Dr. Satyamurthy, however, proposes that the script found inside the urn may belong to circa 5th century B.C. According to him, this was based on "preliminary thermo-luminescence dating," which "takes the site to the period from 1500 B.C. to 500 B.C. So the script is also likely to be dated to 5th century B.C. even if we take the latest date into consideration."
Name of hero?

He pointed out that the Tamil-Brahmi script had been found in Sri Lanka too. The script found at Adichanallur could be the name of the hero whose skeleton is in the urn. "The associated pottery including the thin black and red ware [found in the urn] indicate the importance given to the dead person," he said. The denture has been sent to the Anthropological Survey of India for examination.

Delivering the T. Balakrishna Nair Memorial Lecture on "The geneses and features of Brahmi scripts," organised on January 12 by the Department of Ancient History and Archaeology, Madras University, Dr. Sampath said: "It may be suggested that the writing is in Tamil-Brahmi script in a rudimentary form. Attempts were made to blow up the writing so as to decipher it. It may be tentatively read as, `Ka ri a ra va [na] ta'. The reading is subject to improvement."

"A rare occurrence"
Estampages of the script could not be taken because it was inside the urn. So eye-copies were taken. Although the exact meaning of the script was not clear, it was quite likely to be the name of the engraver or the maker of the urn or the person whose skeletal remains were interred inside, he said. He described the script found inside the urn as "a rare occurrence."

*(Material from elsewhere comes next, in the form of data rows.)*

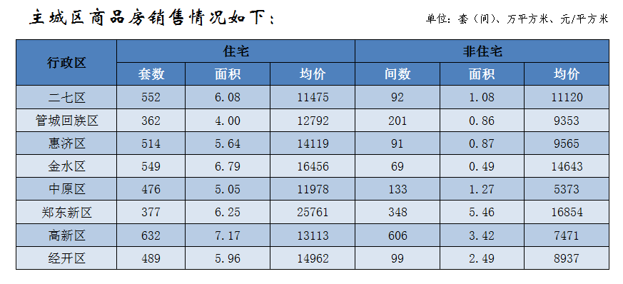 郑州全市商品房销售8802套(间),销售面积103.64万平方米,销售均价11472元/平方米;其中商品住宅销售6898套,销售面积81.81万平方米,销售均价11922元/平方米。非住宅销售1904套(间),非住宅销售面积21.83万平方米,非住宅销售均价为9784元/平方米。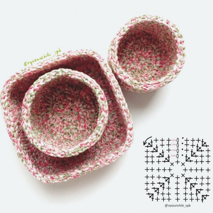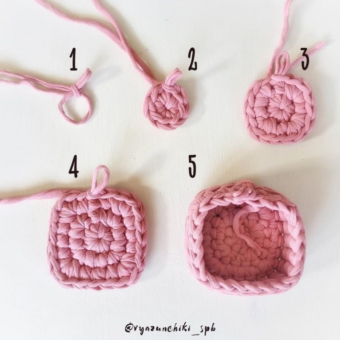 Отпарьте дно утюгом с паром через х/б ткань (не на саму поверхность изделия). Затем дайте испариться лишней влаге из изделия и переходите к вязанию стенок корзинки.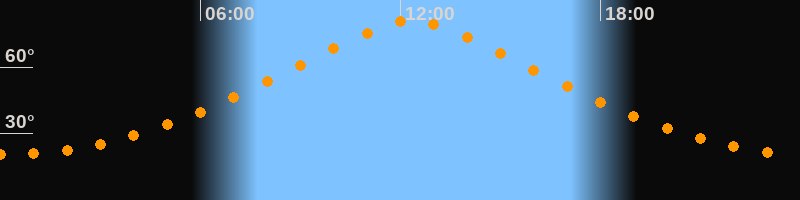 | Höchster Stand (Kulmination) | 12:20 Uhr (h = 80,8°) |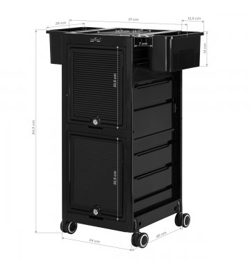 The simple style of the helper makes it suitable for any interior. Made of easy-to-clean, durable material, the furniture in shades of black will significantly improve the work in any beauty salon. Rubberized wheels ensure mobility, allowing for free and smooth relocation depending on the needs - during treatments around the hairdresser's chair or putting it away after the service. They can also be easily dismantled if necessary. This helper will work especially for people who value functionality very much.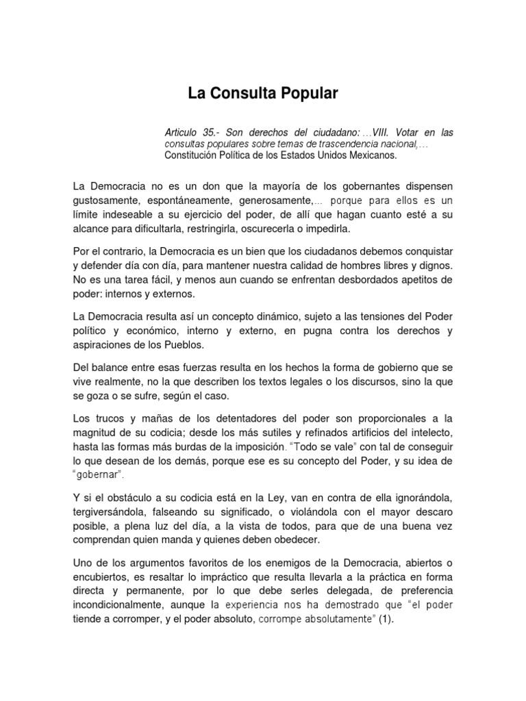 Consulta Popular from webservice.emaze.com Especialidad lingüística que estudia la etimología de las palabras. Si una iniciativa popular reúne el mínimo de firmas, la propuesta se somete a referéndum. Que es conocido, importante o reputado es una persona muy significada del mundo de la moda. Política consulta electoral que recurre directamente a todos los habitantes de un territorio para obtener la ratificación de la gestión de un gobernante o para decidir sobre alguna cuestión de importancia proponen que se haga un plebiscito sobre el aborto. Situación o acontecimiento grotescos o ridículos y a veces tragicómicos. Significación o sentido de las. La especie sechium edule es una trepadora perenne, monoica y vivípara de tallos aristados y lisos, hasta de 15 m de largo, muy ramificados. Pieza dramática en un acto, de carácter popular y burlesco, que se representaba como intermedio o al final de una función.

Six trenches dug by the ASI, Chennai Circle, at the Iron Age urn burial site Adichanallur in 2004 yielded a cornucopia: 157 burial urns, 50 of them intact and 15 with human skeletons. The urns with skeletons had exquisite miniature pots inside along with paddy and husk. Around the urns were ritual pots and iron implements, including daggers, broken swords, a spearhead, celts and so on. One of the urns had the script inside it and this urn had a big lid too. It is called "twin pot."